UPDATE 10:15 a.m., Friday, with information from new court filings.
The coalition of private schools and libraries suing to block Idaho’s “harmful” material library law wants to speed up the court process with the new school year looming. But Attorney General Raúl Labrador’s office wants more time to craft its defense of the law.
On July 25, the coalition — which includes private schools, a church, a library and a handful of parents — filed a lawsuit asking the U.S. District Court for Idaho to declare the the Children’s School and Library Protection Act unconstitutional and block its enforcement. The coalition claims that the new law, enacted through House Bill 710, infringes on constitutional rights to access information and guide children’s education free from government interference.
The new school year starts Aug. 19 and 26 for Foothills School of Arts and Sciences and Sun Valley Community School, respectively. The nonprofit private schools are both plaintiffs in the case.
On Tuesday, the coalition’s attorneys filed a motion asking for an expedited briefing schedule. If approved, the federal court would advance by four days the Aug. 16 deadline for defendants to respond to the injunction request.
The schools and their patrons are “entitled to urgent, preliminary relief” and “will continue to suffer irreparable injury until the court enjoins or restrains enforcement of the law,” the coalition’s attorneys wrote.
None of the defendants — Labrador, Ada County Prosecutor Jan Bennetts and Blaine County Prosecutor Matt Fredback — have filed a response to the coalition’s motion for a preliminary injunction, which would temporarily block enforcement of the law as the case is adjudicated.
Labrador’s office is hoping to push back its response deadline. The attorney general’s office declined to consent to an expedited schedule and said it plans to seek an extension, according to the coalition’s motion. Labrador spokesman Dan Estes confirmed to Idaho Education News that the AG’s office will seek an extension but declined to further comment on “specific litigation strategy.”
On Thursday, Labrador’s office filed a memo asking the court to deny the coalition’s request for an expedited schedule. Deputy Attorney General Aaron Green argued that opponents of HB 710 have had more than enough time to challenge it. The bill was signed into law on April 10, and went into effect July 1.
Green cited a 1985 ruling from the U.S. Court of Appeals for the Ninth Circuit Court: The court found that a “long delay before seeking a preliminary injunction implies a lack of urgency and irreparable harm” and denied a request for preliminary relief.

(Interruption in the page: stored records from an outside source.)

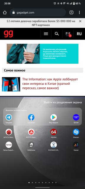 Диспетчер приложений есть двух вариантов: классические горизонтальные карточки, либо вертикальное размещение в два столбца. Разумеется, есть двухоконный режим. И кое-какие дополнительные жесты: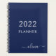 2022 Navy Blue White Girly Script Monogram Name Planer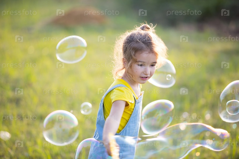 Девушка в джинсовом комбинезоне пускает мыльные пузыри летом в поле на закате. Международный день защиты детей, счастливый ребенок, мероприятия на свежем воздухе. Летний фон. Здоровый и экологичный образ жизни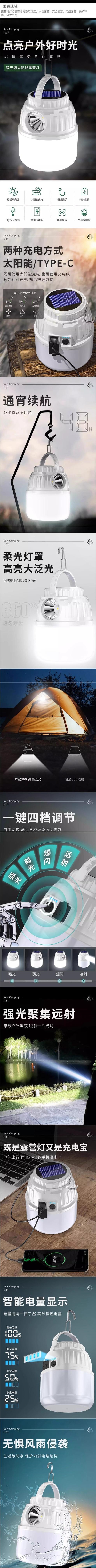 太陽能露營燈夜市擺攤照明停電應急燈充電超長續航戶外帳篷燈掛燈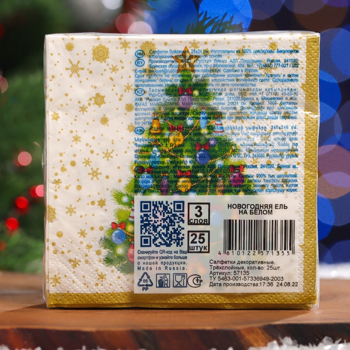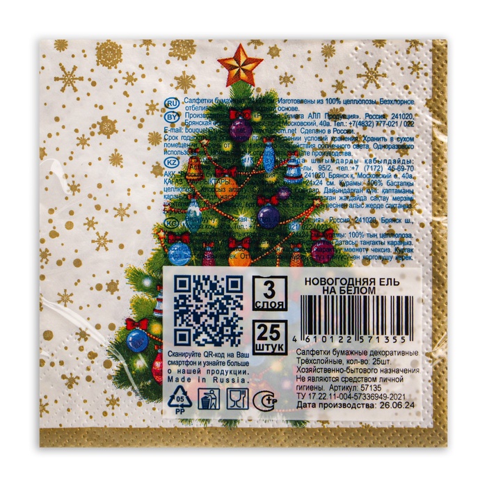 Качественные трехслойные бумажные салфетки изготовлены из качественной целлюлозы. На салфетках нанесен яркий рисунок.

“If the harm is truly irreparable, then why did (the) plaintiffs wait four months until the very eve of the school year to file this case?” Green wrote.
In a quick response Friday, coalition attorneys called the AG’s argument “meritless” and noted that the Ninth Circuit ruling from 1985 denied preliminary relief because “the challenged practice had persisted for ‘decades.’”
The coalition “filed suit raising a host of meritorious constitutional challenges to HB 710 just 25 days after the law took effect and nearly a month before the beginning of the 2024-25 school years at Foothills and SVCS,” the attorneys wrote.
According to the coalition’s attorneys, Bennetts “took no position” on the the request to expedite the schedule while Fredback did not respond to inquiries.
“The court should reject defendants’ effort to impose HB 710’s patently unconstitutional prohibition on plaintiffs through inaction or inattention,” the coalition’s Tuesday motion said.
The Children’s School and Library Protection Act prohibits public libraries and schools — both public and private — from allowing children to access “harmful” material. The law requires libraries to implement procedures allowing patrons to challenge material under the “harmful” definition. And it grants book challengers a private cause of action to sue a library. A successful lawsuit carries a $250 fine for the library or school, along with potential uncapped civil damages.